Laravel Reverb Insecure Deserialization Vulnerability Allowing Remote Code Execution

A critical vulnerability allowing remote code execution has been identified in Laravel Reverb versions prior to 1.7.0. This issue arises from improper handling of data deserialization from Redis channels, which is passed directly to PHP's unserialize() function without restrictions on class instantiation. The vulnerability is particularly exploitable when Redis servers are deployed without authentication and horizontal scaling is enabled, allowing Reverb servers to communicate via Redis PubSub. The flaw has been addressed in version 1.7.0.

Impact

Exploitation of this vulnerability could lead to arbitrary code execution on the server.

Reproduction

To reproduce this vulnerability, enable horizontal scaling in a Laravel application using Reverb by setting the 'REVERB_SCALING_ENABLED' environment variable to 'true'. Ensure that the Redis server used by the application is accessible without authentication.
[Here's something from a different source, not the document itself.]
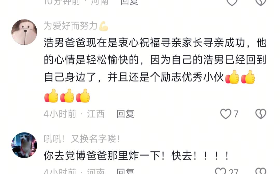 现在全网最后悔的男就是谢爸了吧! 不是因为发视频庆祝梁志辉找到,也不是因为他跟他儿子感情不和,而是因为美颜开的太大了,别人说,亲妈都认不出来! 你见过为别人寻亲成功,比自己中了彩票还激动的人吗?今天刷到老谢的视频,我晕,那美颜开得亲妈都快认不出了,还笑着说“允许我一惊一乍啊”!一开始我心里还嘀咕:这是不是有点太夸张了?结果往下看,我和小伙伴都惊呆了——这哪是蹭热度,是他等了十天的“双喜临门”,终于盼来第二例团圆啊! 说实话,我点开视频第一眼,还吐槽呢:“寻亲这么严肃的事,开这么大美颜干啥?”本来想划走算了,但后来发现他文字里的劲儿,跟那美颜完全不搭。他说十天前叶锐聪妈妈跟他说“有双喜临门的好事”,当时还没细说,结果今天上午,梁志辉爸爸直接发文说找到儿子了!这不就是第二例吗?给力啊! 我之前还犯傻,觉得“别人的团圆,他这么激动干啥”,直到想起之前听老人说“帮人圆一件心事,自己心里也会亮堂”,才有点懂——寻亲家庭之间的那种盼头,就像互相打气的队友,别人上岸了,自己也能多份希望,不是吗? 说真的,我之前也帮朋友转发过寻亲帖子,发了好几天没动静,还收到条评论说“瞎转发有啥用,无聊死了”,当时我郁闷得不行,差点就卸载社交软件了。结果过了半个月,有个阿姨私我,说她邻居刷到我转发的内容,认出了那孩子,最后真的搞掂了团聚! 你敢信?我当时看到阿姨发的合照,差点哭出来!本来以为是白费功夫,没想到歪打正着帮了忙。所以后来再看到老谢帮着扩散消息,我一点都不觉得他“作”了——说不定他的“一惊一乍”,真能让更多人看到寻亲信息呢? 后来我翻到老谢的评论区,他说“有难友上岸,有孩子回家,肯定美美哒”,还特意提了民警,说他们把“东一条西一条的线索串成回家的路”,还有网友默默帮忙。说实话,那时候我才明白,他那“一惊一乍”哪里是夸张,是憋了太久的高兴啊! 之前有人说他“胡扯”,说他借寻亲博眼球,不是吧?要是博眼球,能特意提难友的苦吗?我之前还见过有人转发寻亲帖只敢开素颜,怕被说“不严肃”,结果没几个人看。老谢这反其道而行之,反而让更多人注意到“寻亲成功”这事儿,这不挺好吗? 其实咱们不用做啥大事,看到寻亲信息别随手划走,转发一下,或者帮着留意身边有没有符合的线索。你想啊,要是咱们自己家遇到这种事,别人也这么帮,多巴适?之前我转发那帖子的时候,也没想到能帮上忙,结果就成了关键一步。 总之,别觉得“这跟我没关系”,有时候你的一个小动作,就能帮一个家庭少几天崩溃的日子。毕竟,谁不盼着团圆呢?要是下次再刷到老谢这种“一惊一乍”的内容,别先吐槽,说不定背后藏着一个家庭的“万岁”时刻呢!梁志辉 梁志辉妈妈 谢浩楠爸爸寻亲 谢爸婚姻状况

Once these conditions are met, publish a message to a Redis channel that includes a payload designed to exploit the deserialization vulnerability, such as a crafted object that, when unserialized, executes arbitrary code.

Remediation

Users are advised to update Laravel Reverb to version 1.7.0 or later. If an immediate upgrade is not possible, as a temporary measure, disable horizontal scaling by setting 'REVERB_SCALING_ENABLED' to 'false', and ensure that the Redis server requires a strong password and is only accessible via a private network or local loopback.